Economy’s Growth Benefits Most TT 100 Top For-Hire Carriers
A tentative business recovery that gathered steam in 2003 and now appears to be pushing the limits of freight-hauling capacity boosted revenue and profits for most, but not all, of the carriers on the 2004 edition of the Transport Topics 100 list of the largest U.S. and Canadian for-hire carriers.
Less-than-truckload and truckload carriers both seemed to get a boost from the economy, while tank and motor-vehicle haulers struggled to stay in the black, based on a review of the 2003 financial results of the largest carriers that appears in a pullout section of this issue.
Parcel giants UPS Inc. and FedEx Corp. continued their marketplace rivalry on the TT 100 list. They remained Nos. 1 and 2, respectively.
In Canada, TransForce Income Fund put together a large, diversified portfolio of LTL, parcel, truckload and logistics companies by buying what its chairman, Alain Bedard, called “good, well-managed companies” and operating them as stand-alone, competitive businesses.

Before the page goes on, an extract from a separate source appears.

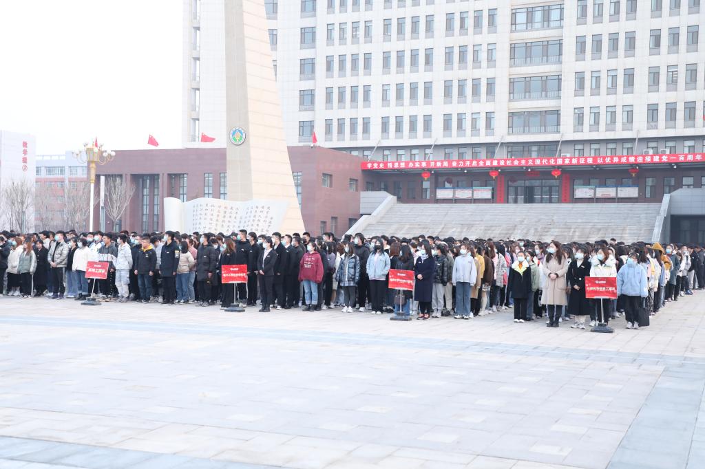 3月8日,学院在迎宾广场隆重举行了新学期首次升国旗仪式。升旗仪式后,院党委书记董峰为师生讲授了以党史学习教育为内容的“开学第一课”。参加此次升旗仪式的有院领导、党委委员、各党总支、直属党支部书记、各部门负责人、专职辅导员、专职组织员、分团委书记、学生代表三千余人。仪式活动由院党委副书记张春有主持。

“We don’t buy and merge,” Bedard said in an interview. “We keep units mainly separate,” he said of his Montreal-based company, which now ranks No. 35 on the list.
Yellow Roadway Chairman William Zollars said he is taking a similar approach in maintaining distinct LTL operations at Yellow Transportation, Roadway Express, New Penn Motor Express and Reimer Express Lines.
While the financial health of trucking generally improved, only a handful of carriers posted operating ratios — expenses as a percentage of revenue — of 90 or less.
In interviews with industry analysts and executives at four truckload carriers, TT staff reporter Mindy Long reports how strict cost controls and pricing discipline allowed these companies to achieve operating ratios far below the average of 93.8 for truckoad carriers and 92.6 for refrigerated haulers.